Robert E. Simons received the B.S. degree in mechanical engineering from Widener University, Chester, PA, and the M.S. degree in operations research and applied science from Union College, Schenectady, NY. He has been engaged in the development of cooling technologies for electronic equipment for more than 30 years. Prior to retiring from IBM in 1993, he was a key participant in the thermal design and development of cooling technologies for the IBM 3033, 3081, and 3090 processors, as well as the development of direct liquid immersion cooling techniques. He now has 42 issued patents and has published over 50 papers, book chapters, and articles related to cooling electronic packages and systems. He is currently an Associate Editor for Electronics Cooling Magazine. In the past several years he has conducted many lectures and seminars around the world on cooling electronic equipment. Mr. Simons recieved the IBM Outstanding Innovation Award and the Corporate Award [for inventing the cooling scheme for the IBM thermal conduction module (TCM)], ten IBM Invention Achievement Awards for his patents and invention publications, and the Semi-Therm Outstanding Contributor Award in 1995. While at IBM, he was elected a Member of the IBM Academy of Technology. He has been an active participant and organizer of SEMI-THERM Symposia for 18 years serving in the capacities of Session, Program, and General Chairman. He has served a number of times as a Guest Editor of the IEEE TRANSACTIONS ON COMPONENTS AND PACKAGING TECHNOLOGIES. He is also a Past Chairman of the ASME Heat Transfer Division K-16 Committee on Heat Transfer in Electronic Equipment.
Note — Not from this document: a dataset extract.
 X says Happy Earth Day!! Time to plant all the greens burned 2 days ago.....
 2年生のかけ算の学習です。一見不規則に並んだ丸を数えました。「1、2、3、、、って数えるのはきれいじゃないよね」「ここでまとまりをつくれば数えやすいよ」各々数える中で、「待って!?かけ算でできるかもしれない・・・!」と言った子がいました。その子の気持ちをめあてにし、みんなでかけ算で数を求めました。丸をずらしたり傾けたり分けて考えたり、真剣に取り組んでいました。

James Wilson received the B.S.M.E. degree from Texas Tech University, Lubbock, in 1984, the M.S.M.E. degree from Stanford University, Stanford, CA, in 1985, and the Ph.D. degree from Southern Methodist University, Dallas, TX, in 1997. He is Principal Mechanical Engineer with Raytheon Electronic Systems and has 17 years experience in electronics cooling. He has spent the last 12 years emphasizing thermal design and analysis of microwave systems ranging from individual microwave components to airborne radars to large space based radar antennas. He has authored and presented over 15 papers related to electronics cooling. Dr. Wilson was the Program Chair for the Semi-Therm XVII Conference.